Pre-processing approaches adjust the data before beginning the model training process. This could be through collecting more data, deriving different features or selecting relevant features, re-weighting the data, or curating a more balanced subset of the data. As many instances of algorithmic bias can be traced to imbalances in the dataset, such as in the Amazon hiring and “Gender Shades” examples, collecting higher-quality data can be very beneficial. The downsides to pre-processing approaches for mitigating bias are that collecting more data can be expensive or difficult, many approaches do not have theoretical guarantees on the downstream bias mitigation effects, and it can be difficult to address embedded societal bias distinct from representational concerns.

In-processing approaches take the data as given and adjust the model-training process itself.
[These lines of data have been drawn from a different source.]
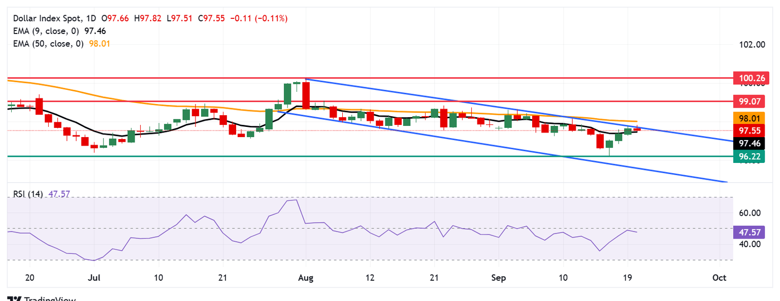 On the downside, the US Dollar Index is finding the immediate support at the nine-day EMA of 97.46. A break below this level would weaken the short-term price momentum and put downward pressure on the DXY to navigate the region around the 96.22, the lowest since February 2022, reached on September 17. Further declines would prompt the dollar index to test the lower boundary of the descending channel around 95.60.
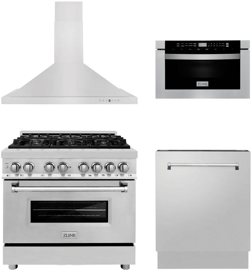 ZLINE 4 Piece Stainless Steel Kitchen Package with freestanding dual fuel range, wall mounted range hood, microwave drawer, and a built in dishwasherRead More
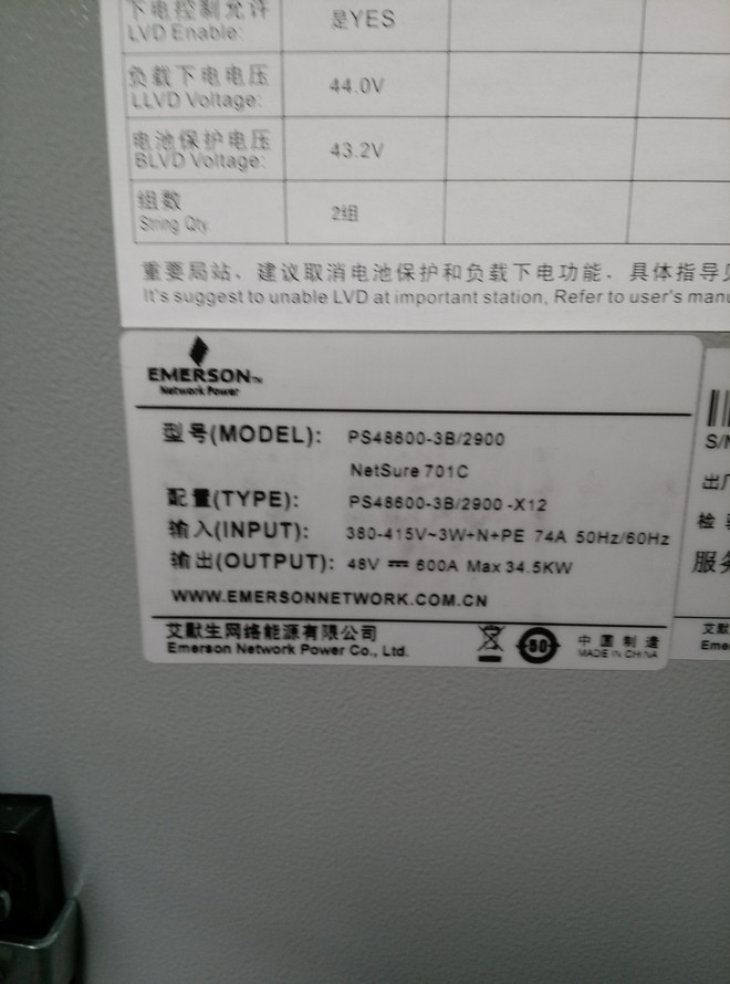 艾默生PS48600-3B2900NetSure701C艾默生高频开关电源机柜艾默生PS48600-3B2900室内一体化高频开关电源机柜

In particular, the training process and loss function are modified so that fairness considerations are considered rather than just overall accuracy. For example, mistakes on certain groups or certain types of mistakes might be counted more heavily in the training process. One type of in-processing method is to find a statistical model that minimizes the maximal group error rate among pre-defined groups.  

In-processing methods can be effective if one wants provable guarantees on bias mitigation or to achieve some type of trade-off between fairness and accuracy of models. For expensive training procedures, however, it may be infeasible to train a new model from scratch to address bias concerns.

Post-processing approaches take a fully trained model and adjust the outputs to reduce bias. For example, threshold adjustment is a popular approach that might use a different threshold on some prediction or label (such as a test score or credit score) to give a positive classification for different groups. Other approaches, adopted in medical settings, such as multi-calibration, may carefully shift predictions for intersectional group membership to improve accuracy overall and for intersectional identities. Finally, post-processing could involve last-layer tuning of neural networks or fine-tuning the results of large language models. Post-processing approaches tend to be effective in improving overall accuracy and are computationally efficient, though, because the adjustments are typically made as a direct function of sensitive group (or predicted sensitive group) membership, they may not be feasible if those operations are disallowed or not preferred.

Tackling Algorithmic Discrimination

Algorithmic bias and discrimination are complex topics with many angles – they can occur naturally through the machine learning training process and can be very damaging, especially if we do not anticipate them and do not try to mitigate performance discrepancies. When thinking about how to intervene on algorithmic bias, it can be helpful to think about the three broad types of interventions – pre-processing, in-processing, and post-processing approaches – and carefully consider the pros and cons of each when deciding which to use. They may also be used in conjunction, which leaves ample room for creative problem-solving when tackling machine bias and discrimination.